Despite the company’s success in recent years, Blaize said they still struggle with getting people to respect their trade and their business. “It happens a lot with illustration. Whenever I give someone a price above $300, they’re like, ‘It’s just a drawing,’ and I’m like, ‘Well ok, draw it yourself,’” Blaize joked.
“Recently I rebranded and that gave me a bit more legitimacy and that has made people think twice before asking me for something for $20.
"Even at expos, if I went above a $100 asking price, I would not really see much people for the day. Instead of fighting up with those people, I look for clients who understand the value of what I’m giving them.”
Blaize said having a team and support system is crucial and having someone to focus on the administrative part of the business allows them to focus on the creative process.
“Not everything could be a one-man show. You have to find people who you can trust.”
Blaize said animation in TT can easily have a place on the world stage if enough resources are put into developing the industry.
“In five to ten years, I want TT to be an animation hub where companies can outsource to. This oil thing, we cannot ride for much longer and animation and 3D design can become a major part of our gross domestic profit (GDP) if we get the support and things are standardised.”
Blaize said standardisation of salaries for positions in graphic design and animation will give legitimacy to the field. “There are standardised prices in the United States, but that is not applicable here.”
Blaze said in TT, many artists play a game of “who you know”.
“You cannot underestimate the power of a link. There’s no pulling yourself up from the bootstraps in this industry. You have to know somebody.

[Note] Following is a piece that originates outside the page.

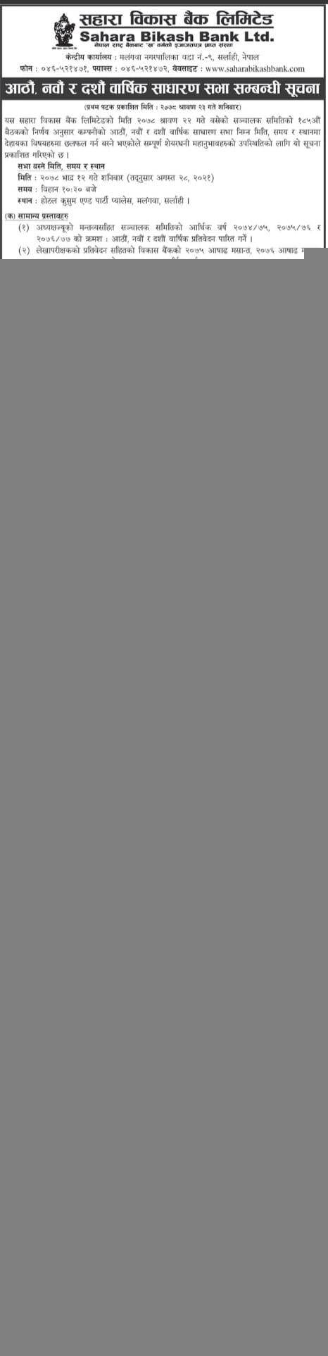 साहारा विकास बैंकको आठौं, नवौं र दशौं वार्षिक साधारण सभा सम्बन्धी सूचना
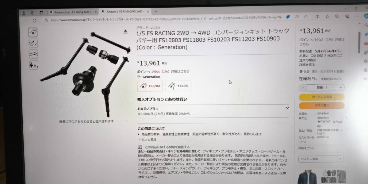 1/5FSracingモンスタートラック用のスペアとして購入しましたが、不要となりましたので出品します。

“Having that privilege of knowing someone to give you that foot in the door is invaluable. You still have to prove your worth, but not having that link has been the career death for so many people. I have to be very grateful for that and I try to give people that foot in the door as well.”
In July, Blaize was asked to speak to young girls participating in the Digicel Foundation's Girls Power tech competition, meant to inspire and empower young women between the ages of 13 and 18 to pursue careers in ICT.
“It feels like a very important part of my career to be able to say to young girls that if you want to do this, you can. It’s not a ‘boys’ thing. There is nothing biological preventing you from doing what the boys are doing and doing it better in some cases.
“We have this thing where we discourage girls from going into certain fields and then telling them women are not good in that field, but how are we supposed to know if they are good or not if we discourage them from going into it?
“I want to be able to mentor people and bring them into my company as sub-contractors and continue to do better work so people could see that you can be from TT and do good work.
“Yes, my work passes a threshold where people don’t think it’s local anymore, but it’s sad that we have come to accept mediocrity.”
Blaize said they would like to see more work from TT emerging and, eventually, become internationally recognised.
“I want to see TT be taken more seriously in terms of people seeing animation being done really well."